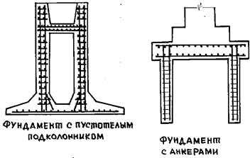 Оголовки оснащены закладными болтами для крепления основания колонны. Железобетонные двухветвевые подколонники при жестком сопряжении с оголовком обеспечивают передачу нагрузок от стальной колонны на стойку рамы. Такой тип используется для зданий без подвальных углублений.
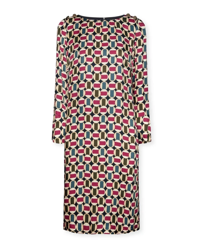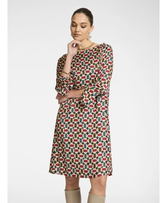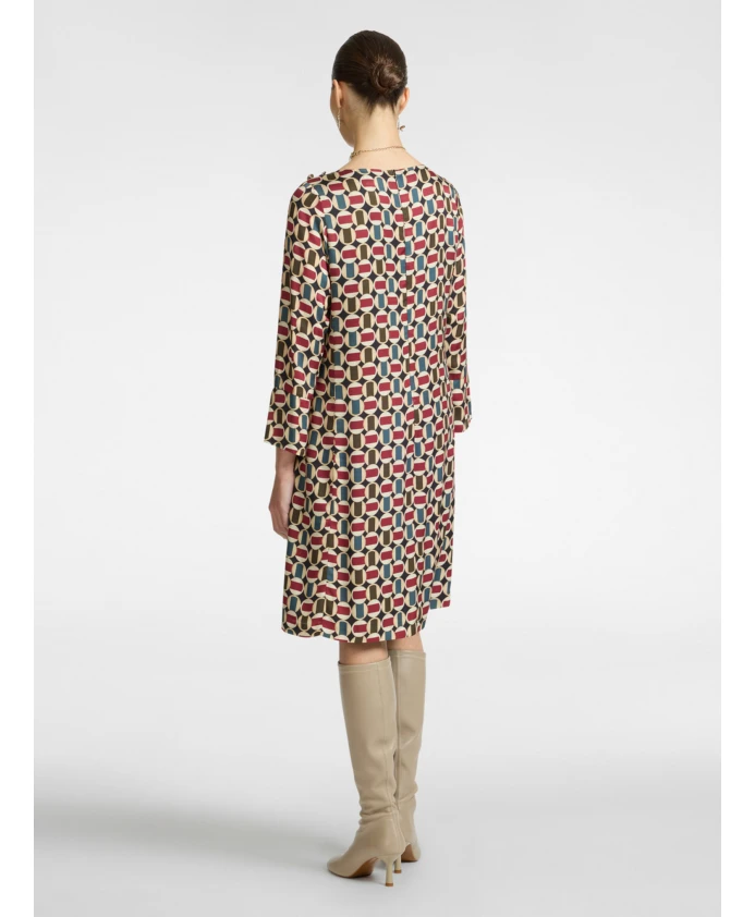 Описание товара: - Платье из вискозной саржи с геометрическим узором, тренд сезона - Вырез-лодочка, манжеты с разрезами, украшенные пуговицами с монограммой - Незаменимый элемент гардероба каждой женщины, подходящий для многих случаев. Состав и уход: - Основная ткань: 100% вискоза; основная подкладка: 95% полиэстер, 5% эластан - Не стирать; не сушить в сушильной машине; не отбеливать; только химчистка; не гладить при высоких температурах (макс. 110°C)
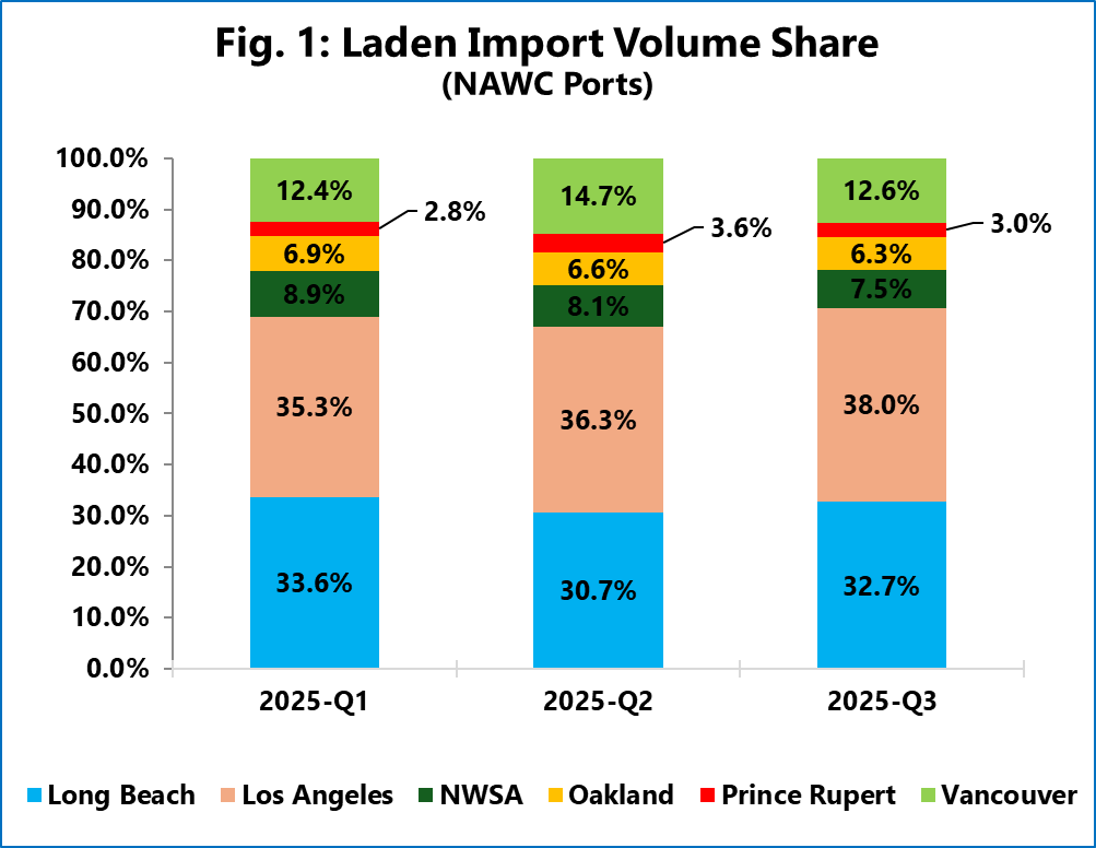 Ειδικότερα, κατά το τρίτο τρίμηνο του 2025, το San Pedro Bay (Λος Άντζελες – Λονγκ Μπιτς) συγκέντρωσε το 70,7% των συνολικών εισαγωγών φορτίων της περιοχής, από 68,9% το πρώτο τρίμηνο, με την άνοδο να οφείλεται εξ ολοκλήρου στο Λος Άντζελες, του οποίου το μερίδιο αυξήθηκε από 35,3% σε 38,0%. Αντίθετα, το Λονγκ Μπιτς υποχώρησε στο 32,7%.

*Action item*
Omit all pictures, and repeat exactly the lines from the line containing "Описание товара: - Платье" through the end of the data.

*Your response*
 Описание товара: - Платье из вискозной саржи с геометрическим узором, тренд сезона - Вырез-лодочка, манжеты с разрезами, украшенные пуговицами с монограммой - Незаменимый элемент гардероба каждой женщины, подходящий для многих случаев. Состав и уход: - Основная ткань: 100% вискоза; основная подкладка: 95% полиэстер, 5% эластан - Не стирать; не сушить в сушильной машине; не отбеливать; только химчистка; не гладить при высоких температурах (макс. 110°C)
 Ειδικότερα, κατά το τρίτο τρίμηνο του 2025, το San Pedro Bay (Λος Άντζελες – Λονγκ Μπιτς) συγκέντρωσε το 70,7% των συνολικών εισαγωγών φορτίων της περιοχής, από 68,9% το πρώτο τρίμηνο, με την άνοδο να οφείλεται εξ ολοκλήρου στο Λος Άντζελες, του οποίου το μερίδιο αυξήθηκε από 35,3% σε 38,0%. Αντίθετα, το Λονγκ Μπιτς υποχώρησε στο 32,7%.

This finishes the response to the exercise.